Source data:

□ □ □ □ □

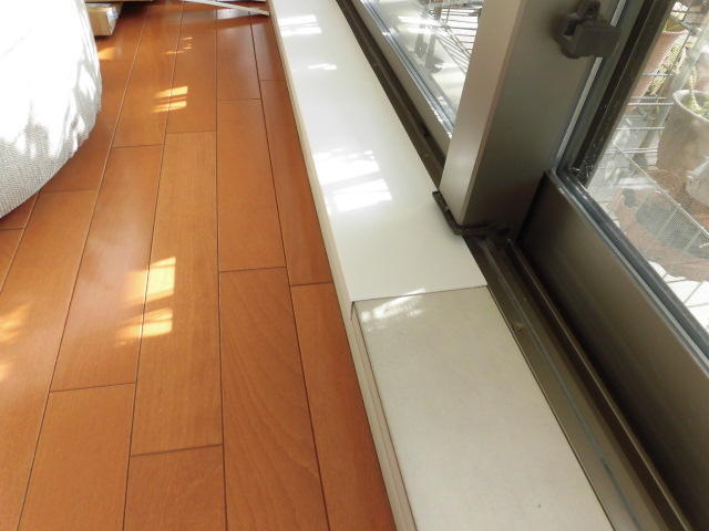 マンションの南側ベランダの窓枠の表面がひび割れていました。既存の窓枠を外さず表面にカバー材を貼る簡単リフォームを行いました。
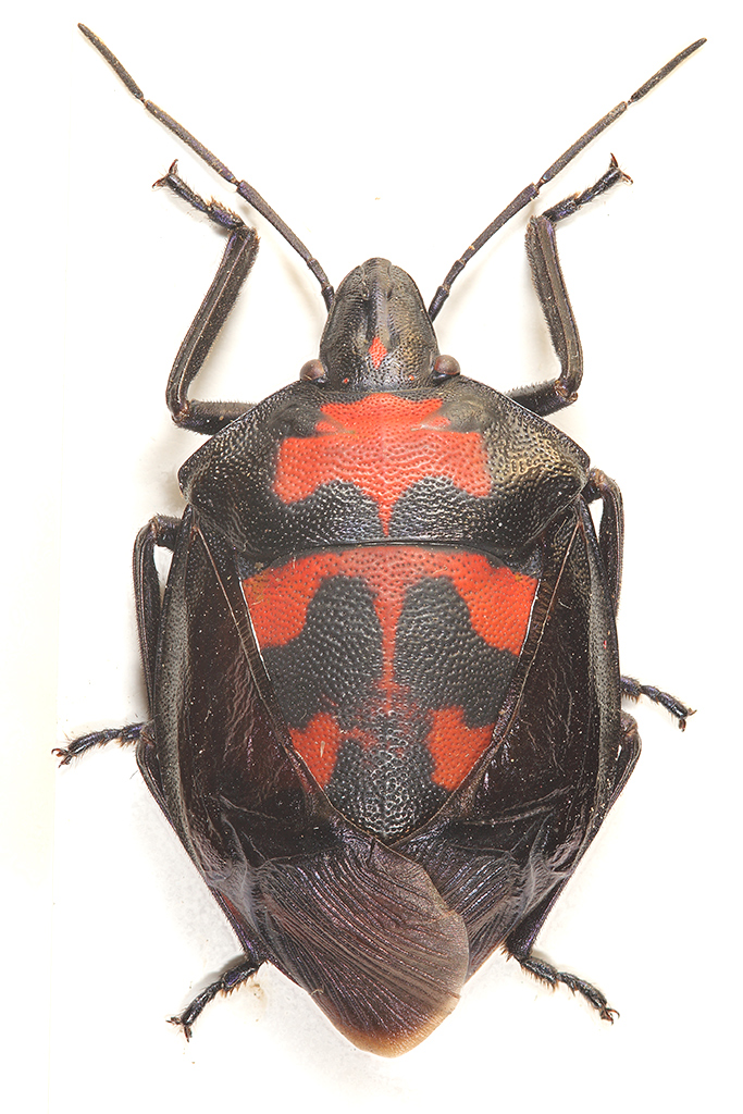 Tectocoris diophthalmus (Thunberg, 1783), Scutelleridae ampiamente diffuso nel Sudest asiatico e nella regione australiana; la sua colorazione è variabilissima.
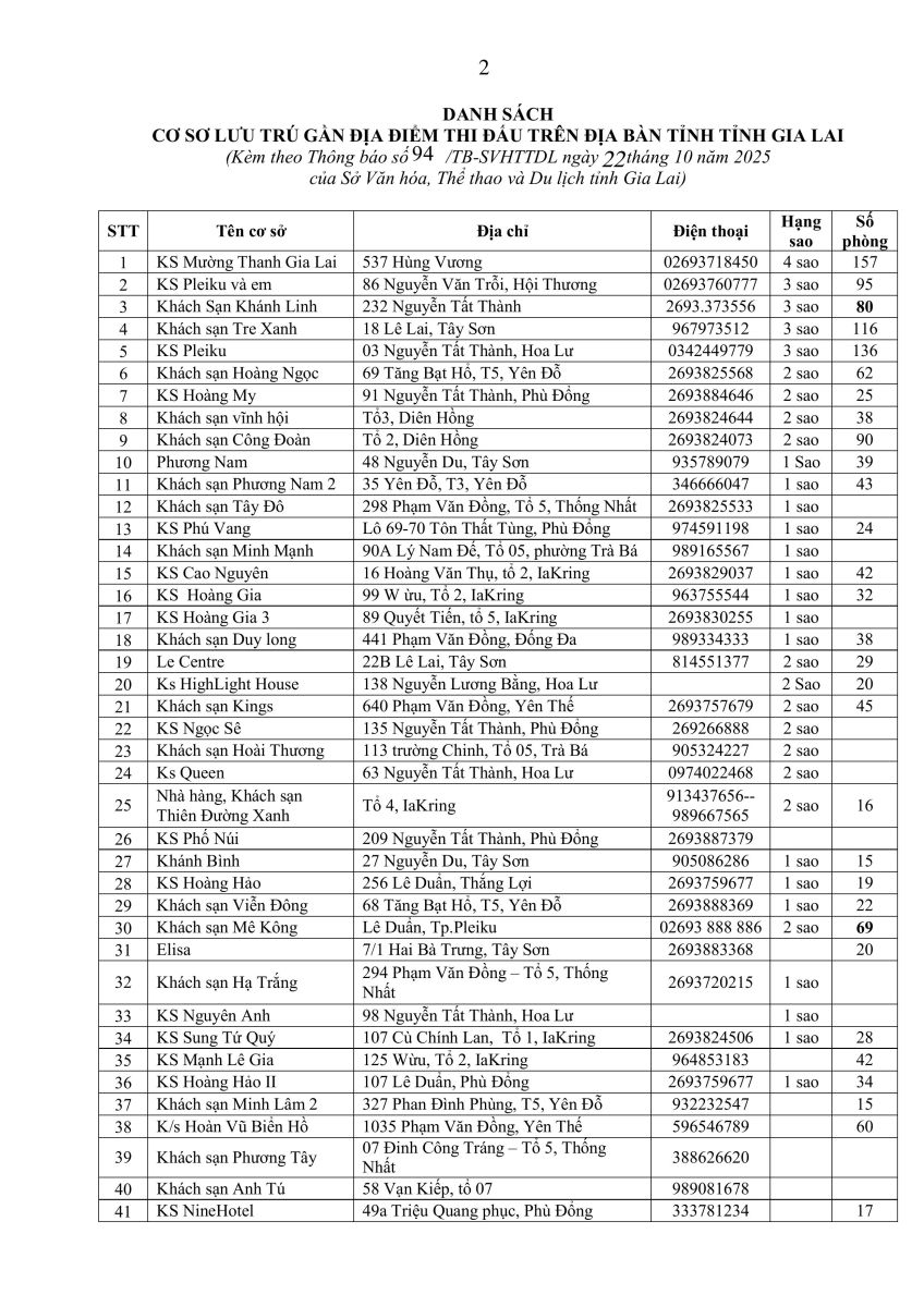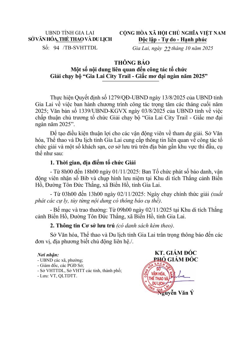 Thông báo số 94/TB-SVHTTDL ngày 22 tháng 10 năm 2025 của Sở văn hóa, Thể thao và Du lịch tỉnh Gia Lai về Một số nội dung liên quan đến công tác tổ chức Giải chạy bộ "Gia Lai City Trail - Giấc mơ đại ngàn năm 2025"
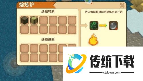 5、进入世界后,背包里面什么都有,先把大煤块、孔雀石块、熔炉放到背包快捷栏。

□ □ □ □ □

Copy out the whole listing word for word, except for any picture it includes.

 マンションの南側ベランダの窓枠の表面がひび割れていました。既存の窓枠を外さず表面にカバー材を貼る簡単リフォームを行いました。
 Tectocoris diophthalmus (Thunberg, 1783), Scutelleridae ampiamente diffuso nel Sudest asiatico e nella regione australiana; la sua colorazione è variabilissima.
 Thông báo số 94/TB-SVHTTDL ngày 22 tháng 10 năm 2025 của Sở văn hóa, Thể thao và Du lịch tỉnh Gia Lai về Một số nội dung liên quan đến công tác tổ chức Giải chạy bộ "Gia Lai City Trail - Giấc mơ đại ngàn năm 2025"
 5、进入世界后,背包里面什么都有,先把大煤块、孔雀石块、熔炉放到背包快捷栏。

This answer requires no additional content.